### Records supplied
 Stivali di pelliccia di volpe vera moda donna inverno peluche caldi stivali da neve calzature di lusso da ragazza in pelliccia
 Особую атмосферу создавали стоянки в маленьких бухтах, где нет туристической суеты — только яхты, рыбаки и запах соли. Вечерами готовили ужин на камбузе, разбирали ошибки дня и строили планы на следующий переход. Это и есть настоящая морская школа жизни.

==

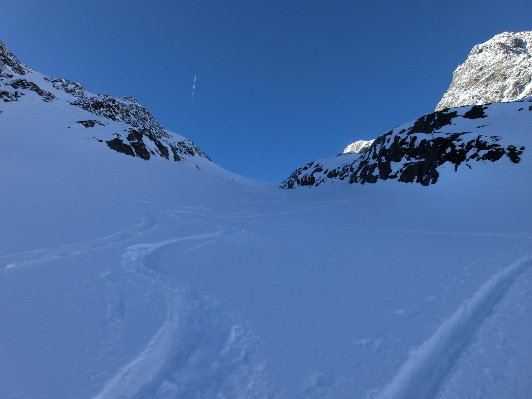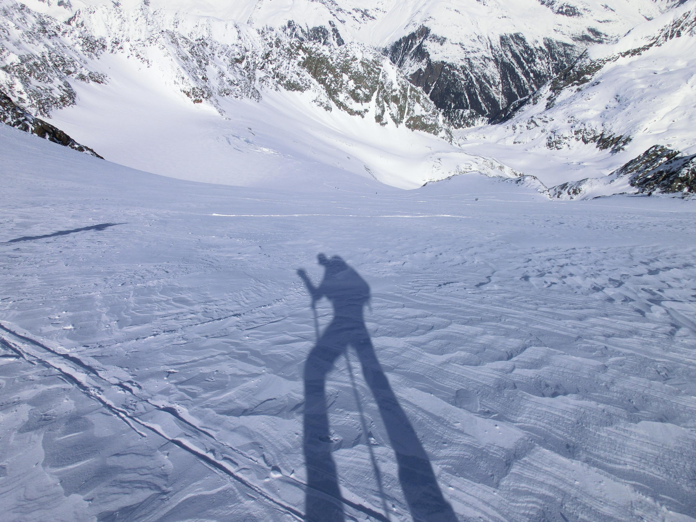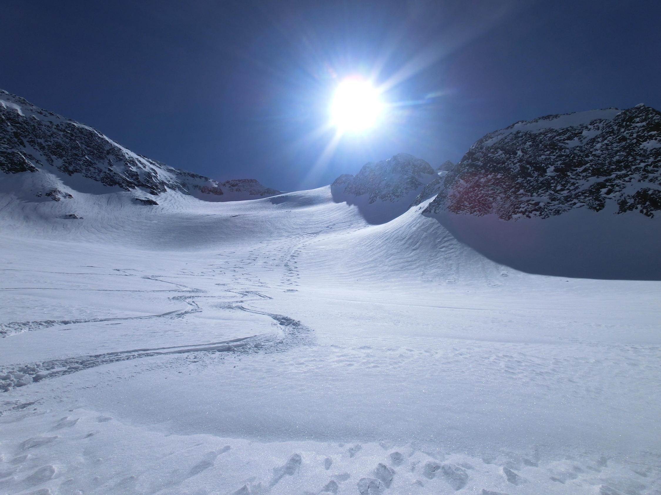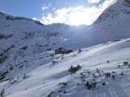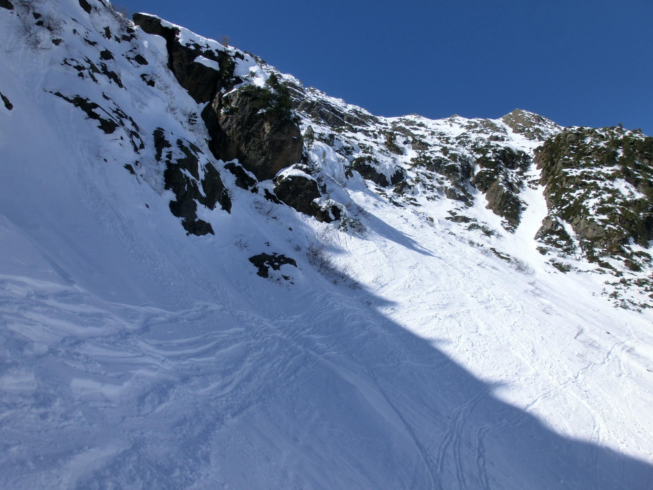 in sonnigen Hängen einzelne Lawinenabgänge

### Brief
Taking the line with "Stivali di pelliccia" as the first and the line with "Особую атмосферу создавали" as the last, retype that stretch of the data above exactly, with no other lines.

### Exercise answer
 Stivali di pelliccia di volpe vera moda donna inverno peluche caldi stivali da neve calzature di lusso da ragazza in pelliccia
 Особую атмосферу создавали стоянки в маленьких бухтах, где нет туристической суеты — только яхты, рыбаки и запах соли. Вечерами готовили ужин на камбузе, разбирали ошибки дня и строили планы на следующий переход. Это и есть настоящая морская школа жизни.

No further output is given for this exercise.